Plaintiffs also argue that various decisions cited in the prior memorandum order are distinguishable, but cite no authority rejecting the interpretation set forth in that memorandum order. Pointedly, perhaps, plaintiffs make no mention of Greenberg v. Veteran, 889 F.2d 418, 422 (2d Cir. 1989), which referred to 28 U.S.C. § 1441(b) as providing "for general federal question removal. ..."

 
IV

Plaintiffs' application for certification of the denial of their motion to remand for interlocutory appeal under 28 U.S.C. § 1292 is denied.

SO ORDERED.

NOTES

[1] Indeed, substantive rules have also often been fashioned with at least some attention to the reliability and workability of factfinding required by differing formulations. See, e.g., United States v. Trenton Potteries Co., 273 U.S. 392, 397, 47 S. Ct. 377, 379, 71 L. Ed. 700 (1927) (opinion for the Court by Stone, J., later C.J.).
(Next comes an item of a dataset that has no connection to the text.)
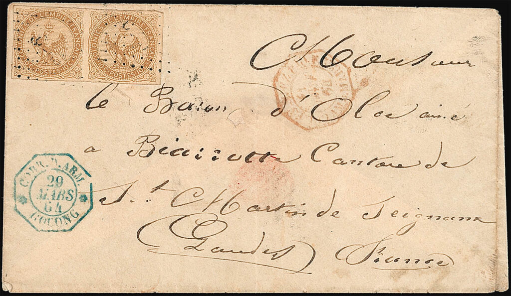 Bưu cục Gò Công thành lập ngày 15 tháng 7 năm 1863, sử dụng viên kim cương CCN5, sau đó tiếp nhận được 2 viên tem với dấu ngày của quân đội. Dấu CCN5 đôi khi được thay thế bằng dấu CCH giữa 1872 và 1873. Vật phẩm bưu chính gửi từ bưu cục này rất hiếm.

[2] Where criminal intent is involved and one's liberty or property is at risk, the necessity for inferring presence or lack of proof of presence of defined kinds of intent is justified, not the situation here. See, e.g., United States v. United States Gypsum Co., 438 U.S. 422, 98 S. Ct. 2864, 57 L. Ed. 2d 854 (1978); United States v. Regent Office Supply Co., 421 F.2d 1174 (2d Cir.1970).